Erm, previous long term on and off relationship?
Moving very quickly in taking this relationship to a serious level, using convenience as an excuse, so soon after the earlier relationship had ended?
Gets defensive and angry when you confront him about lies he's told?

And there's you, thinking you're nothing special, and feeling so lucky to have him because he's good looking and a charmer?

I'm sorry, my lovely, but I think Izzywhizzy has it right. I think he's a player who's spotted your insecurities and sees you as an easy target. Giving him the benefit of the doubt, at best I'd say he's repeating the same pattern of his last relationship - you've asked him to move out and he's begging to come back - it looks like another on/off relationship to me.

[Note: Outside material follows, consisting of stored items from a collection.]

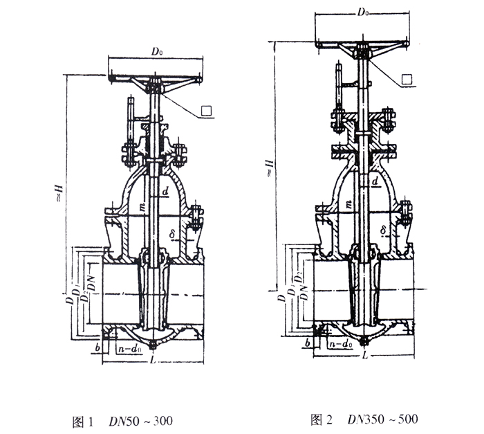 船用法蘭鑄鐵閘閥結(jié)構(gòu)圖與尺寸表
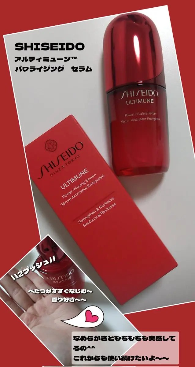 アルティミューンだけは毎日欠かさず使っていて、現行品はすでに4本使い切ったくらいお気に入りの美容液なの! 新成分の発酵カメリアエキス配合でうるおいに満ちた肌へ導いてくれるそう✨ 塗った後はこれだけでパーンとしてモチモチなハリのある肌になるからお手入れの時間が楽しい。
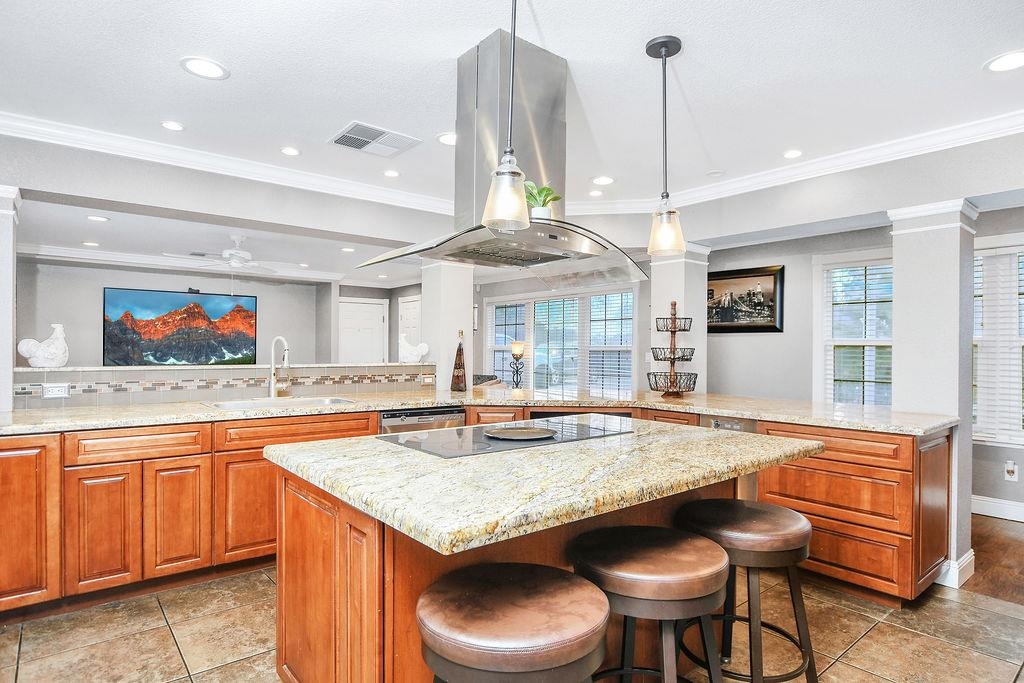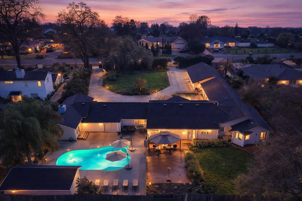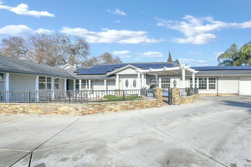 Set behind a private gated entrance, this North Stockton estate offers a resort-caliber, vacation-at-home lifestyle with rare privacy in a central location. Situated on approximately 0.72 acres, The Stockton Compound features solar, a pool and spa, manicured grounds, and a thoughtfully designed layout offering flexibility for multi-generational or extended-stay living, all minutes from shopping, dining, and freeway access. The estate includes two attached guest-style living areas, each with its own private entrance, offering bedroom and bath accommodations with potential kitchenette use, designed for comfort and separation. Smart-home features include four HVAC systems for efficient climate control and a security system for added peace of mind. A standout feature is the exceptional garage configuration, including a rare drive-through garage paired with two separate two-car garages, offering outstanding capacity and versatile use. A long private driveway, generous parking, and expansive grounds reinforce the estate setting. Outdoor living rivals a private retreat, with a resort-inspired backyard featuring a pool, spa, pergola, and outdoor kitchen. A rare, gated estate blending privacy, scale, and convenience. Must be seen to be appreciated. Central yet completely private.

You don't need to be wasting time worrying about not having him, you need to spend time worrying about why you don't think you're something special, and why you don't think you deserve so much more. I'm not saying you can't have a relationship with him, but I think you need to be aware of what you can give him in a relationship, not just what he can give you.

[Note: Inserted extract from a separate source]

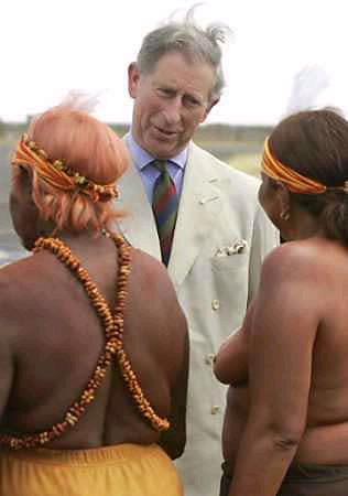 3月2日,查爾斯前往澳大利亞內(nèi)地進(jìn)行訪問。王儲一抵達(dá)愛利斯泉,就由赤裸著上身的土著婦女熱情迎接,王儲看得兩眼不知該往哪里瞧才好。土著人又給他端上一桌蟲蟲大餐,更讓王儲吃不消。
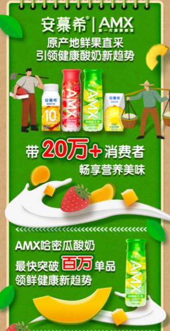 此外,伊利推出安慕希&AMX 水果系列产品,采用原产地水果,为超过20万消费者送上健康营养本味。其中,AMX哈密瓜酸奶成为最快销售百万的单品,AMX丹东草莓酸奶,领跑京东0蔗糖酸奶赛道。

I do wish you all the best.

AnyPhantomFucker Wed 12-Oct-11 07:28:26

This man has previous for opting out when the going gets tough

This man has cheated

I have never seen a post before where such hero worship of a faithless fuck is in evidence

Come on love, where is your self respect ?

Stop mooning after him, he has used you and the pretty words are just to get back on board the gravy train for him

There are lots of other "perfect cocks" out there...you don't have to settle for this one

But next time, don't throw yourself in so deeply and quickly....it very often ends in tears....just like yours now

Jaikers Wed 12-Oct-11 09:19:15

OP to answer your question yes it hurts. It hurts A LOT. It's not easy to get over someone that you thought you had a future with. You will feel lost, and lonely, you may have trouble eating or sleeping, everything WILL remind you of them. You might feel like a failure, you may wonder what's wrong with you, you might be scared of never finding love again. It doesn't take days, or weeks, it can take many many months.

But take off those rose tinted specs a minute and take an honest look at yourself and the relationship you really have. Are you really someone that thinks a bad relationship is better than being alone? Do you really think you don't deserve a relationship with someone who respects you? Is the relationship you have with him really a good one, or are you actually mourning the relationship you thought you were going to have with him, back in the day when he made you feel special.

FWIW a break rarely works. It can work, to help both parties get some perspective, but with a break the assumption is always there that you are ging to get back together. And how can you get over someone if in the back of your mind you'll be back with them in a few weeks or a month or whatever?

My ex and I had several breaks. Some for two weeks, some for a month. But they rarely lasted as long as they were meant to, I'd be feeling lonely and sad, and he'd be texting me telling me how much he missed me, how much he loved me, begging me to give him another chance. Once I only lasted three nights! How bloody pathetic!

But you know what? Although I'd be feeling esctatic at having him back, at him treating me well again, at feeling loved and wanted again, there was always a nagging doubt in my mind and I'd feel disappointed in myself at not being stronger, in letting my lonliness and hurt rule me. And he would make an effort, a huge effort for a while. Sometimes it would last for months and I'dbe really happy I hadn't let him go. But without exception, the doubt was always there and we'd soon beback to the same old pattern.

And the day I made a final decision, no more breaks, we were over for good. That day, I felt a huge weight lifted from me. Yes it still hurt, yes i still missed him, yes I ached to feelhis arms around me. But I also felt relief. No more wondering, no more doubt. And I felt hope, hope that I'd be able tohave a happy relationship one day, hope that my future would be better.

And ending it for good meant I was finally able to move on, it wasn't easy,it took some time. but I did it and now I look back and wonder why I let it drag out so long, all those breaks only prolongued the agony.